A recently approved cystic fibrosis drug is offering hope to at least half of the 30,000 individuals affected by the life-threatening, genetic disease, including 18-year-old Mary Beth Mast.
A resident of Fredericksburg in Wayne County, Ohio, Mary Beth has felt much better since enrolling in the clinical trial for Orkambi 2 years ago.
“I have more energy and I’ve been able to gain about 10 lbs.,” she said. “I just feel a lot healthier.”
The ability to be more active and gain weight is significant for CF patients since the disease causes thick, sticky mucus to build up in their lungs and pancreas, limiting their ability to breathe and absorb food and key nutrients.
“Orkambi is an exciting drug for patients with cystic fibrosis, partly because it actually treats the defect that causes CF,” said Dr. Greg Omlor, director of Akron Children’s Lewis H. Walker Cystic Fibrosis Center. “Most of the previous drugs treat the problems that CF cause, but not the basic defect.

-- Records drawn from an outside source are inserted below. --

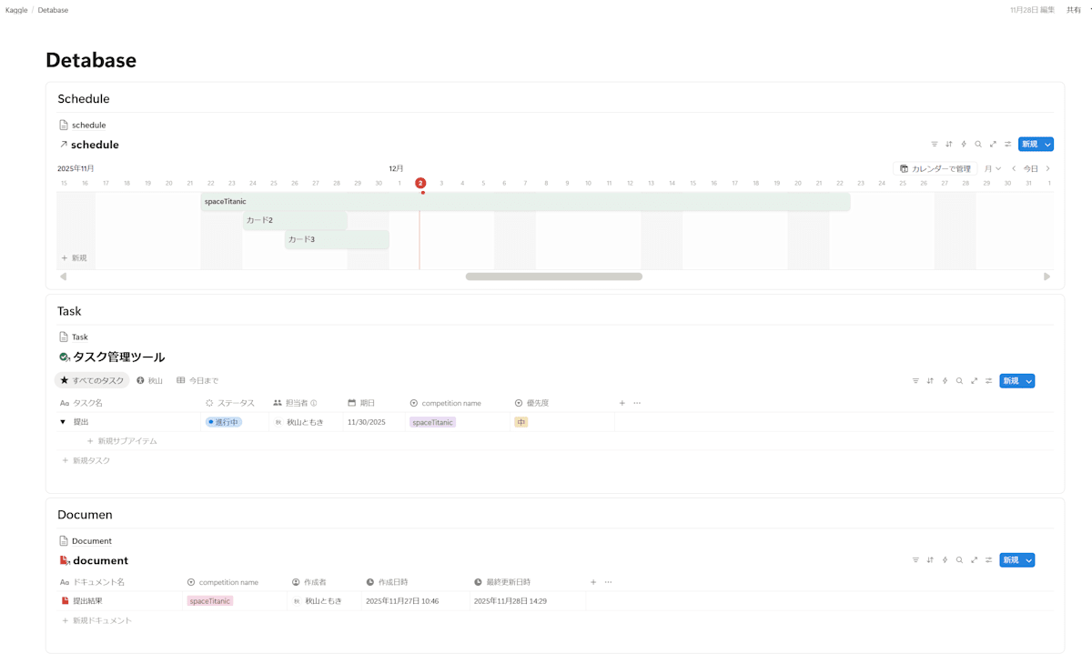 DetabaseDBを作成(項目:Space Titanic, 家計簿アプリ開発, etc...) -
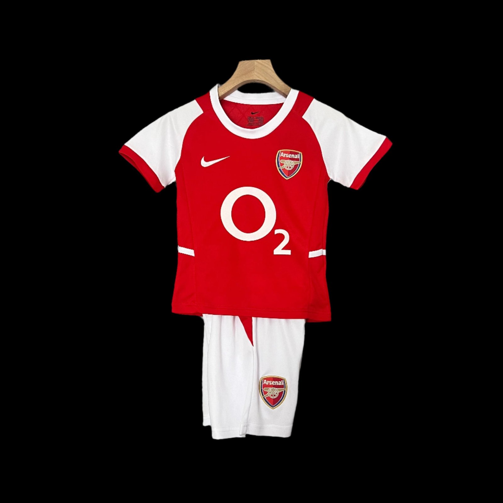 This Arsenal 2002–2004 Kids Retro Jersey is a tribute to the iconic “Invincibles” era, featuring the classic red body, white sleeves, and the original O2 sponsor—just like the one worn by Henry and Vieira.
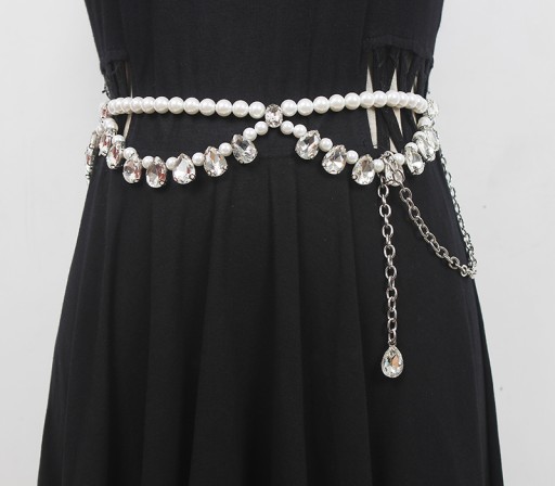 Crystal pearl size: waist chain length 110cm wide 0.9cm
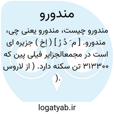 لغت نامه دهخدا مندورو. [ م َ دُ رُ ] ( اِخ ) جزیره ای است در مجمعالجزایر فیلی پین که 313300 تن سکنه دارد. ( از لاروس ).
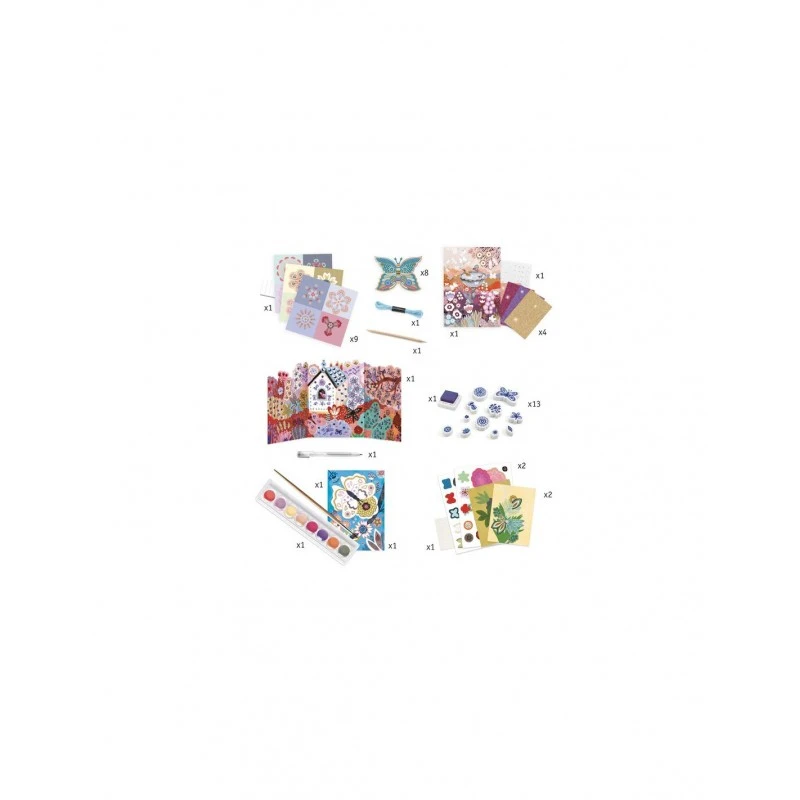 Ce coffret renferme 6 activités avec de la peinture, des collages, des cartes à gratter, des tampons, des saynètes 3D et des fleurs à créer.
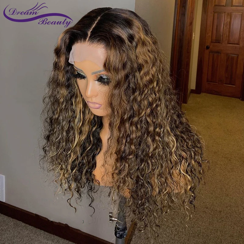 Эффектом деграде (переход от темного к Выделите вьющиеся Синтетические волосы на кружеве человеческих волос парики 13x4 наращивания блонд, коричневый, Синтетические волосы на кружеве парик бразильский Синтетические волосы на кружеве al парик мечта Красота
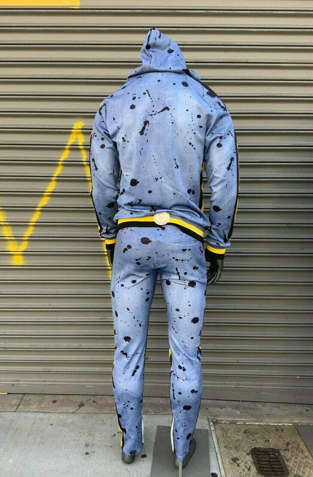 Men's Mid Blue Bleached | Black | Yellow Drawings All Over Fashion Tracksuit
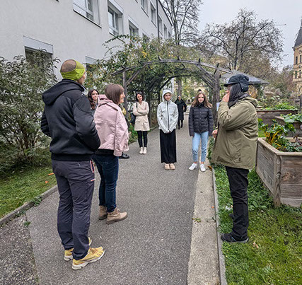 Die Greenpeers stellen ihre Aktivitäten im Schulgarten vor. Sie bieten Kinderpunsch an mit der Bitte um freiwillige Spenden für ihre Nachhaltigkeitsaktivitäten im neuen Schuljahr. Der Schulgarten wird präsentiert.
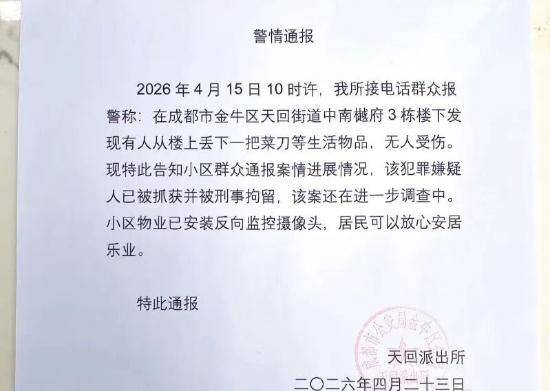 4月23日,成都市公安局金牛区公安分局天回派出所发布警情通报称,4月15日10时许,该所接群众报警称,在中南樾府小区3栋楼下发现有人从楼上丢下菜刀等生活物品,无人受伤。现特此告知小区群众案情进展情况,久久99精品国产99久久该犯罪嫌疑人已被抓获并被刑事拘留,该案还在进一步调查中。小区物业已安装反向监控摄像头。
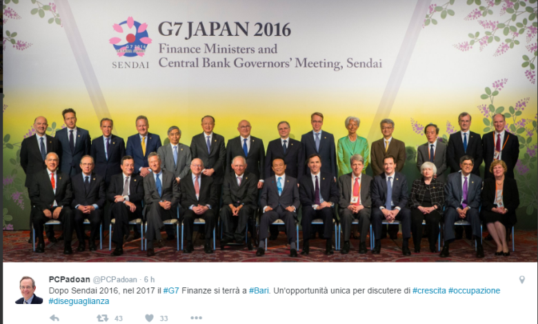Bari – Padoan: “Bari ospiterà il G7”. In Puglia le grandi potenze economiche
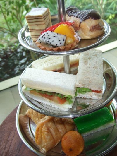 3段がさねのハイティセットを食べ、
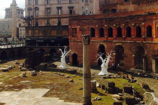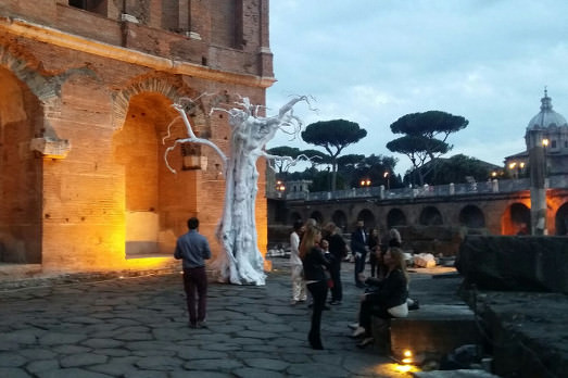 Entri in una specie di cappella laica, scendi molti gradini e molti altri ancora. Poi la vista si apre su uno dei paesaggi urbani più belli del mondo, se non il più bello. Dai mercati Traianei arrivi al Foro. C’è la Basilica Ulpia, il Foro di Cesare, poi più in là quello di Augusto. Forme semicircolari e perfettissime, edifici rosati di mattone, torri stortignaccole che si arrampicano su per un cielo stellato che neanche in Yemen, pietre che raccontano la storia. Poi risali, e dall’alto di una terrazza vedi Roma come non la vivi mai. Unica. Unica al mondo. E maledetta per quanto ce l’hanno negata e maledetti e disgraziati noi che ce la siamo fatta negare. Da qui il suo sfracelo non è neanche un eco lontano. Qui è inverosimilmente bella. Per una sera torna ad essere come dovrebbe, potrebbe essere sempre, solo se se ne capissero le potenzialità.
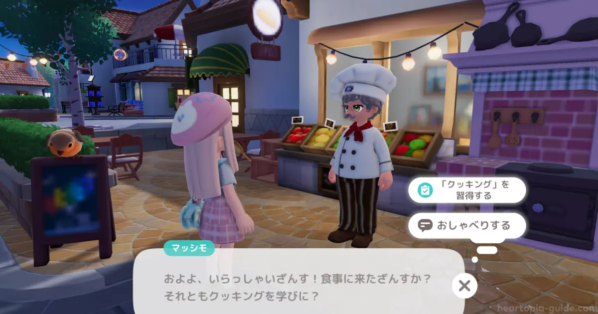 クッキングはメインストーリーを進め、開拓者協会レベルがLv.5 / Lv.8 / Lv.11になった際にマッシモから習得できます。ただし「虫捕り」「野鳥観察」も同じタイミングで解放可能になり、一度に解放できるのは1つだけです。どの趣味から習得するかは慎重に選びましょう。
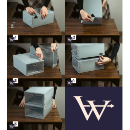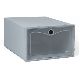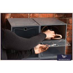 Przezroczysty front sprawia, że każda para jest dobrze widoczna – koniec z szukaniem właściwych butów w porannym pośpiechu. Pojemniki są łatwe w obsłudze, otwierają się wygodnymi drzwiczkami i można je piętrować, tworząc stabilną mini-szafkę na buty. To nowoczesne, praktyczne i eleganckie rozwiązanie, które sprawdzi się w każdym wnętrzu.
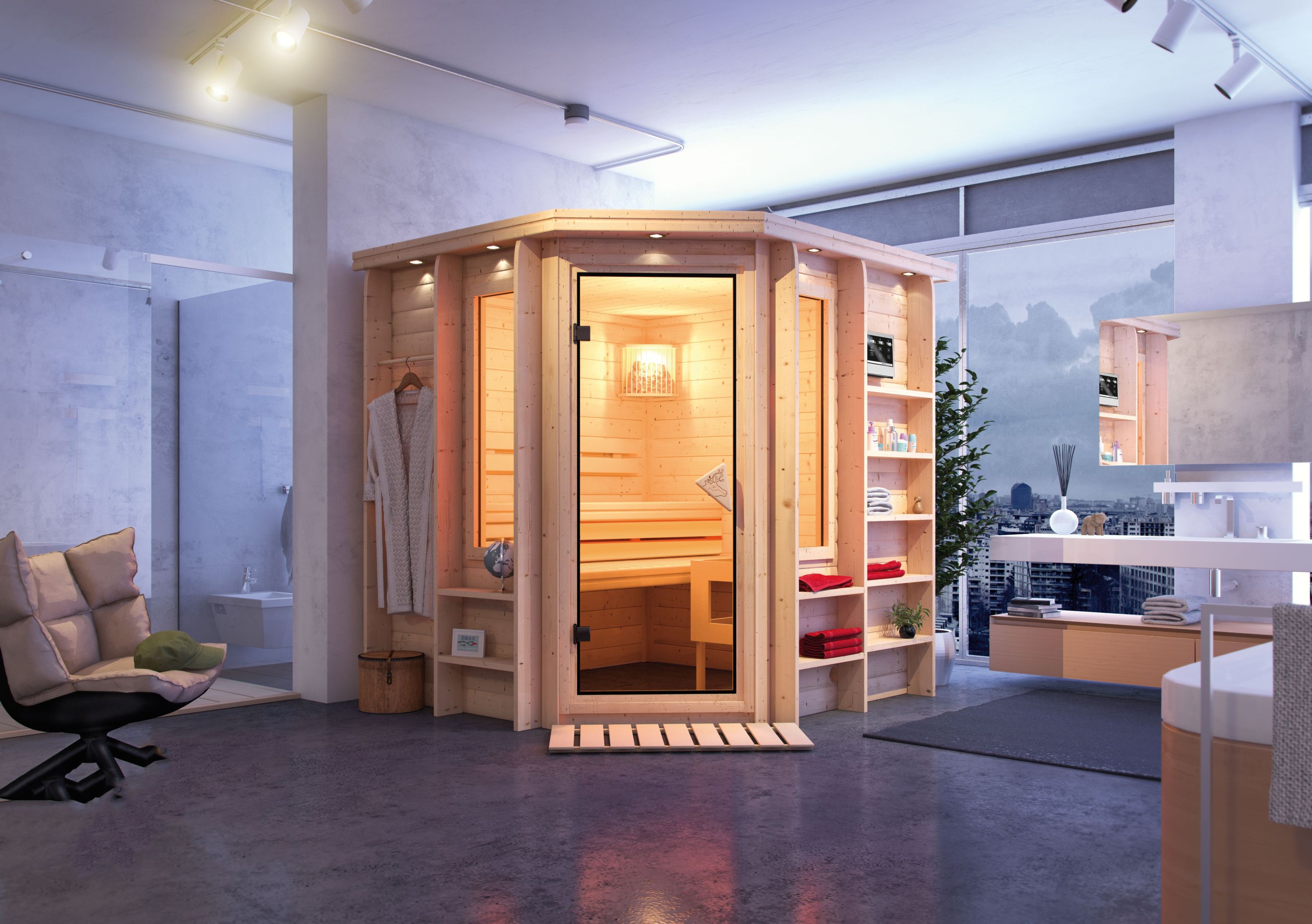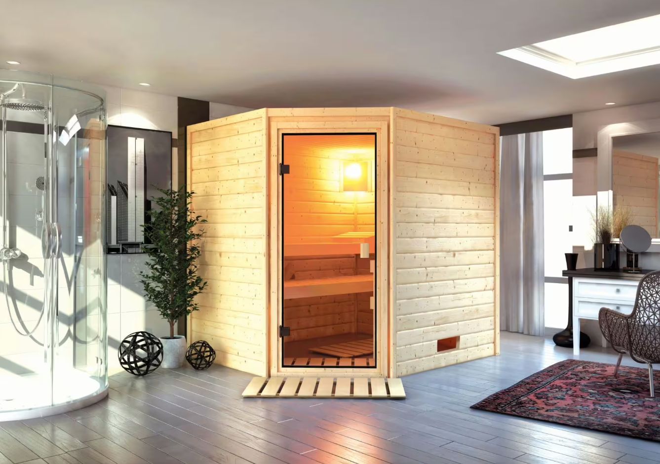 Schaue Dir unsere Auswahl an Plug & Play Saunen mit 230V an und wähle das Modell, das Deinen Vorstellungen entspricht. Im klassischen skandinavischen Look mit einer rundum verlaufenden Holzverkleidung oder modern mit einer weitläufigen Glasfront, wie bei unserer 230V Sauna Irava 3? Du hast die Wahl. Falls Du Deinen heimischen Wohlfühlort in der Raumecke installieren möchtest, findest Du auch hierfür passgenaue Innensaunen zur Auswahl.
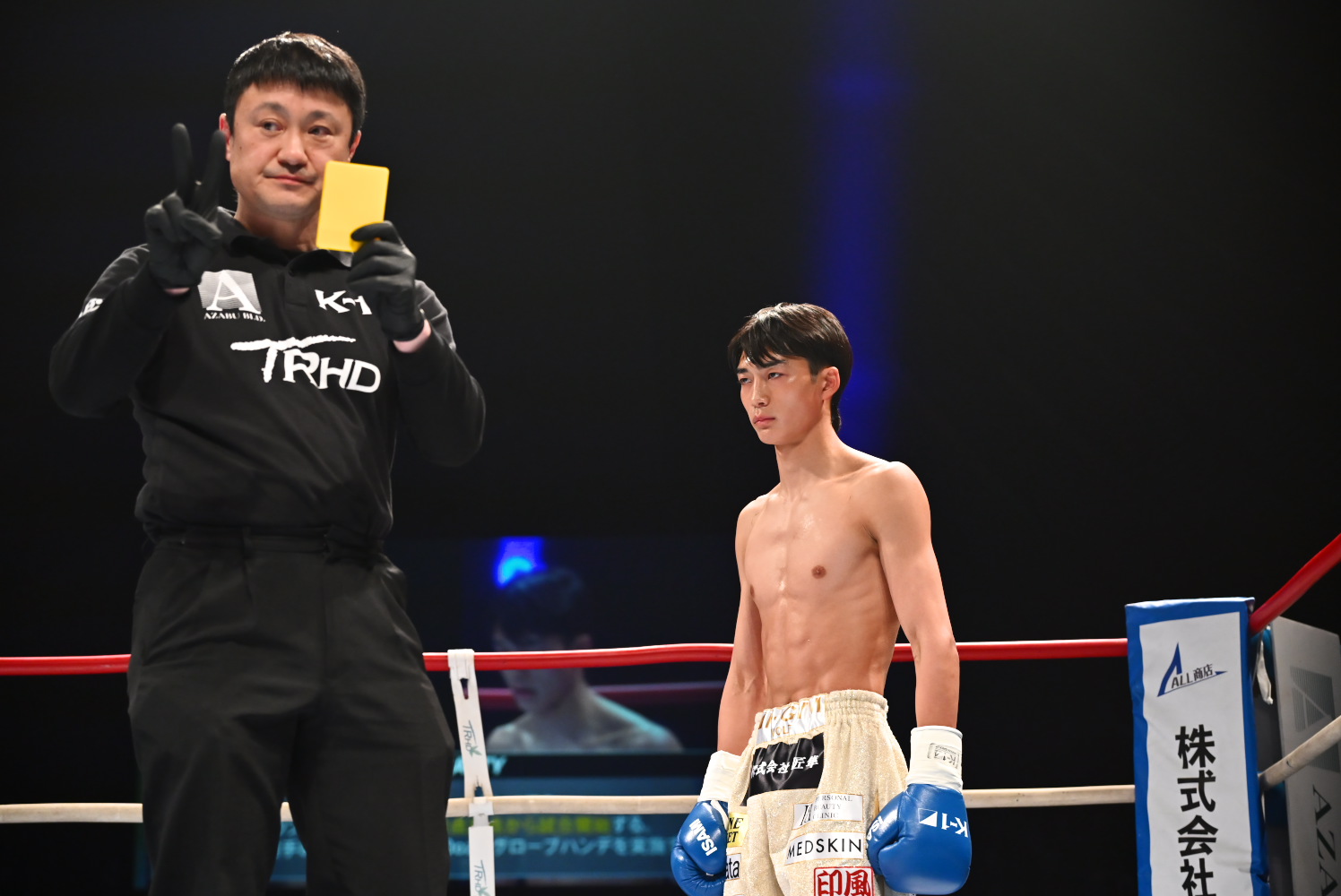 西京のダメージは大きく、永澤が再び左ボディでダウンを奪うと、レフェリーがストップした。だがこの際にも永澤は倒れて亀になった西京の体を蹴る反則を犯していたが、レフェリーの注意のアナウンスは無かった。
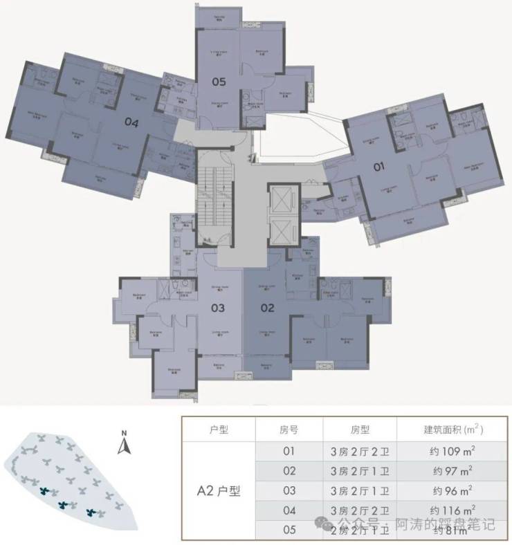 项目在售户型:在售19栋,户型建面约81㎡ 两房两厅一卫、96-97㎡三房两厅一卫、109-116㎡三房两厅两卫座向为南向和南北向
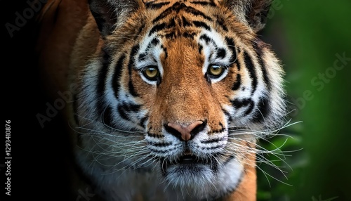 © netsay, Naklejka premium Closeup Portrait of a Sumatran Tiger Powerful Stare Echoes Majestic Wilderness, Vivid Green Fur Glows in Jungles Dappled Light, Embracing the Primeval Beauty of Endangered Big Cat
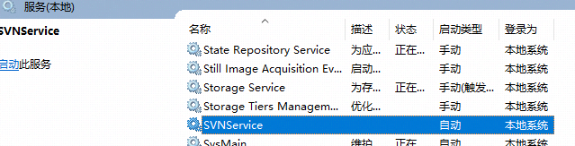 创建系统服务,服务名SVNService
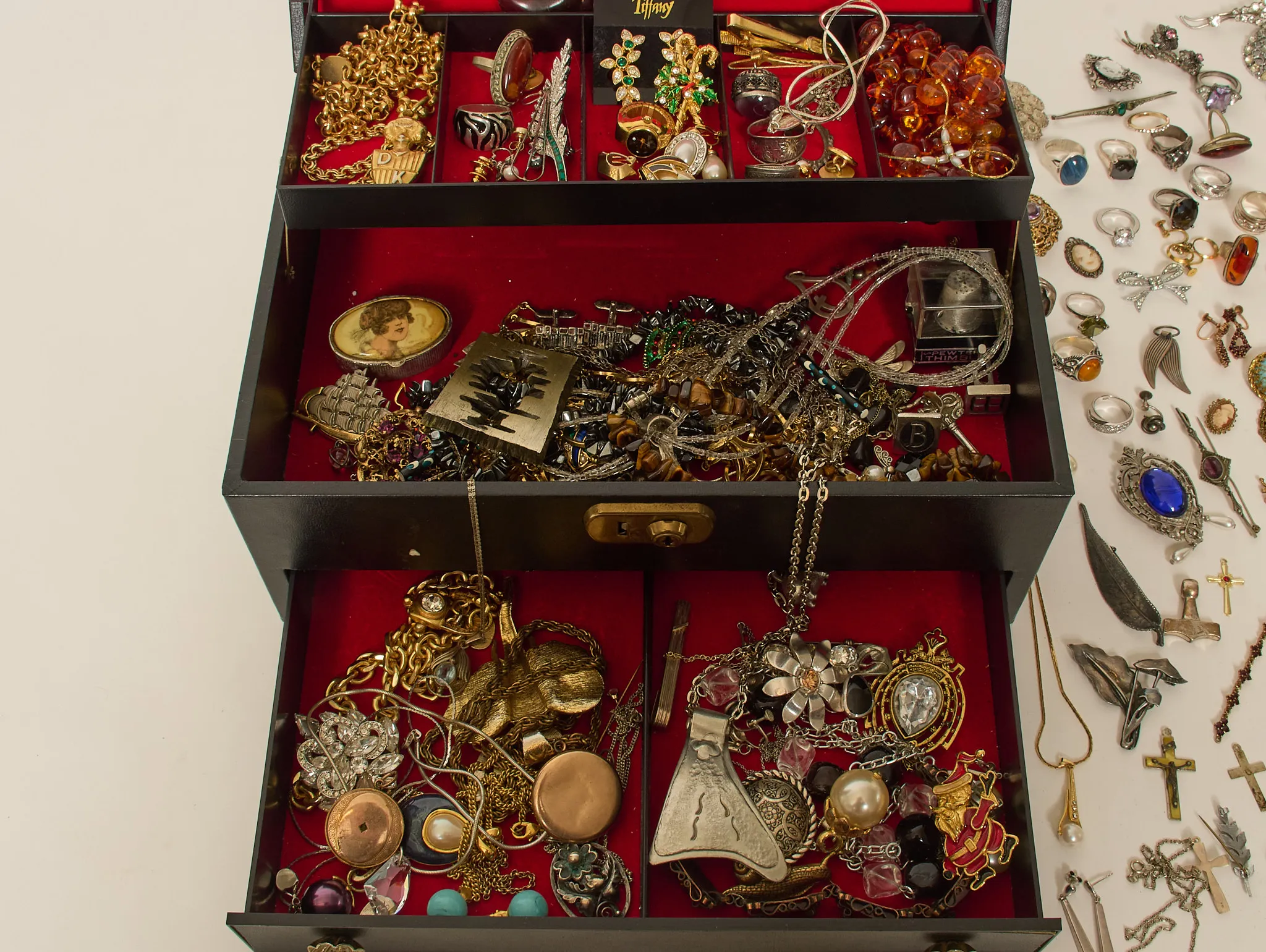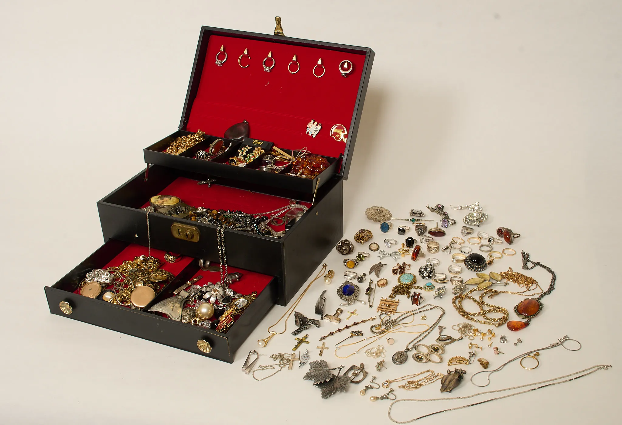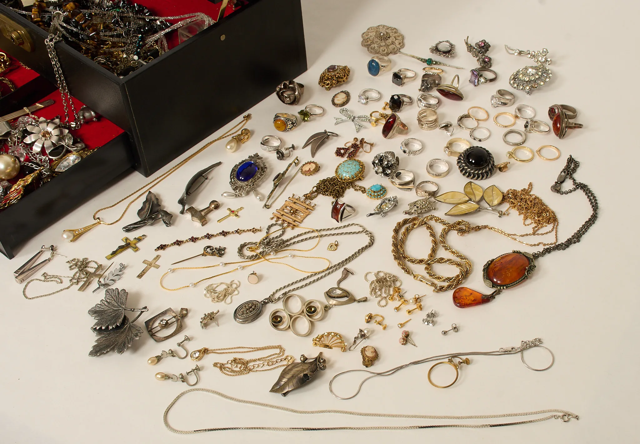 Stort parti, ringar, broscher, halsband, örhängen m.m. Äldre samt nyare, bärnsten, samt silver förekommer.Ej fullständigt genomgånget.

The other exciting thing about Orkambi is that it is useful in patients with the most common mutation and therefore will treat up to 50% of our patients.”
Mary Beth’s mom, Ida Mast, hopes 2 of her other children with the same CF mutation – Jaylon and Angela – will also be able to benefit from the drug once it’s approved for children under 12.
“We are very excited about the possibility of life extension,” Ida said. “It is an exciting advancement for us and the entire CF community.”
About cystic fibrosis
CF is caused by a mutation in the cystic fibrosis transmembrane conductance regulator (CFTR) gene. This protein functions as a chloride channel that helps the body maintain the proper balance of salt and water within a cell.
A mutation of CFTR disrupts the salt and water balance, leading to the production of thick mucus and the excessive loss of salt in sweat. While there are hundreds of mutations that can cause CF, the most common is the delta F508 mutation.
Orkambi, which is manufactured by Vertex Pharmaceuticals, addresses this mutation by combining a previous drug, Kalydeco, with another compound. Kalydeco, which was FDA approved in 2012, was the first drug aimed at counteracting the defective protein that causes cystic fibrosis.
“Kalydeco treats the basic defect of CF, but for only a specific type of mutation that affects about 15% of patients,” Dr. Omlor said.
Dr. Omlor estimates that 40-45% of his pediatric CF patients, 50% of his adult CF patients, and all of his Amish patients have 2 copies of the delta F508 mutation.
According to Dr. Omlor, people who’ve received Orkambi experienced a small increase (2.6%-3.0%) in the volume of air they could exhale in the first second of a forced exhalation.
This pulmonary function parameter is important because it’s predictive of survival for CF patients, who currently have a median survival rate of 40.7.
Perhaps the most noticeable change was a decrease in the number of times patients had a flare-up of their pulmonary disease.
“This has significant medical implications because this is often when patients lose pulmonary function and do not fully regain it,” said Dr. Omlor. “There is also a social implication because the treatment for a flare-up often means a stay in the hospital with IV antibiotics. Avoiding hospitalization is a big deal for patients. ”
And like Mary Beth, patients taking Orkambi reported feeling better compared to those who weren’t.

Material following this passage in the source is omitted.